The organisation is offering to give GP surgeries £55 for every patient on their list who has been diagnosed with dementia in the six months up to next March, as part of a drive to get the rate of diagnosis up from about 50% to two-thirds of all those who develop the condition.

Critics claim the fees risk undermining the bond of trust between doctors and patients by giving GPs for the first time a financial incentive to diagnose a specific condition. Doctors and patient groups denounced the scheme after Dr Martin Brunet, a GP in Guildford, Surrey, revealed its existence in an article he wrote for the medical website Pulse.

“The government wants to bribe us to diagnose more people with dementia – to the tune of £55 per patient in the form of its new dementia DES [direct enhanced service], so that it can hit its target to raise diagnosis rates,” he wrote.

While nobody opposed the correct diagnosis of dementia , Brunet said, “NHS England have either not considered the ethics of this new policy, or are so blinded by their goal that they don’t deem ethics to be important – either a lack of moral insight, or a failure of moral leadership.”

The scheme’s “bullying of the doctor-patient relationship” showed NHS leaders “really have gone too far. NHS England has crossed a line that has not been crossed before.” Although GPs are already paid for conducting asthma reviews and getting patients with high cholesterol counts on to statins, they are not rewarded for identifying any particular condition.
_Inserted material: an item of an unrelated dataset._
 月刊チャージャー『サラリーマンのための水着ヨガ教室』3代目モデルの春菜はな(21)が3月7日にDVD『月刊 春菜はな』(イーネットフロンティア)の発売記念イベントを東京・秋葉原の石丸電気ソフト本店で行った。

“There must be absolute trust that the doctor is acting only and solely in the best interests of the patient,” Brunet said. “To contaminate this process with a financial payment seriously undermines the doctor-patient relationship in a new and pernicious way.”

He recommended that family doctors boycott “this odious scheme” and suggested GPs who accepted the £55 payments should tell patients.
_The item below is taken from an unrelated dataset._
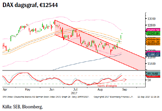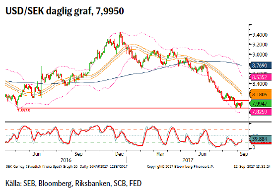 Som väntat lämnade både Riksbanken och ECB oförändrade besked förra veckan. Kommentarerna om en stark euro var dock luddigare än man kunde förväntat sig och intressant nog orkade inte euron klättra nämnvärt på beskedet. Nya sanktioner har införts mot Nordkorea men marknaden har åter skakat av sig oron, en effekt av den tillvänjningseffekt vi pekade på förra veckan. I Norge sitter regeringen kvar efter stortingsvalet sö/må. I Frankrike har vi idag tisdag den första generalstrejken utlyst av facket (dock har Fra bara 8 % anslutningsgrad). Kryptovalutorna har fortsatt att tappa efter fortsatta negativa nyheter från Kina. Då kommer desto positivare tongångar från den Kinesiska bilförsäljningen som ökade med 5,3 % i augusti. Bra för tillväxtutsikterna. Svensk inflation för augusti sjönk tillbaka några tiondelar jämfört med juli (som ju framför allt steg pga. soltörstande svenskars paketresor). På onsdag 0900 CET håller Juncker sitt State of the union-tal.

Katherine Murphy, chief executive of the Patients Association, opposed the payments. “This is putting a bounty on the head of certain patients. Good GPs will be diagnosing their dementia patients already. This seems to be rewarding poor GPs. It is a distortion of good medical practice,” she said.
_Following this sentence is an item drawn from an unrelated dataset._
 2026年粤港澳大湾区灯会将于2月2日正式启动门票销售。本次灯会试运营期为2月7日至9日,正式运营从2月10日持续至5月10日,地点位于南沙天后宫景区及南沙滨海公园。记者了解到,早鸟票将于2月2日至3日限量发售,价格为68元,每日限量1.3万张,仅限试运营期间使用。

The Royal College of GPs said the initiative was unfair because it would give GP practices with the lowest rates of diagnosis the most money. And the British Medical Association, the doctors’ union, said its was opposed to such incentives.

Jeremy Hunt, the health secretary, has condemned diagnosis rates of dementia, which were just 37% as recently as 2010, as shockingly low and “a national shame”. There are thought to be up to 400,000 people in England with dementia who have not been diagnosed.

NHS England said it was committed to better detection of dementia. A spokesperson said: “Dementia can be devastating both for individuals and their families. We know that more needs to be done across the health service to ensure that people living with dementia are identified so that they can get the tailored care and support they need. This additional investment is part of a drive to ensure this.”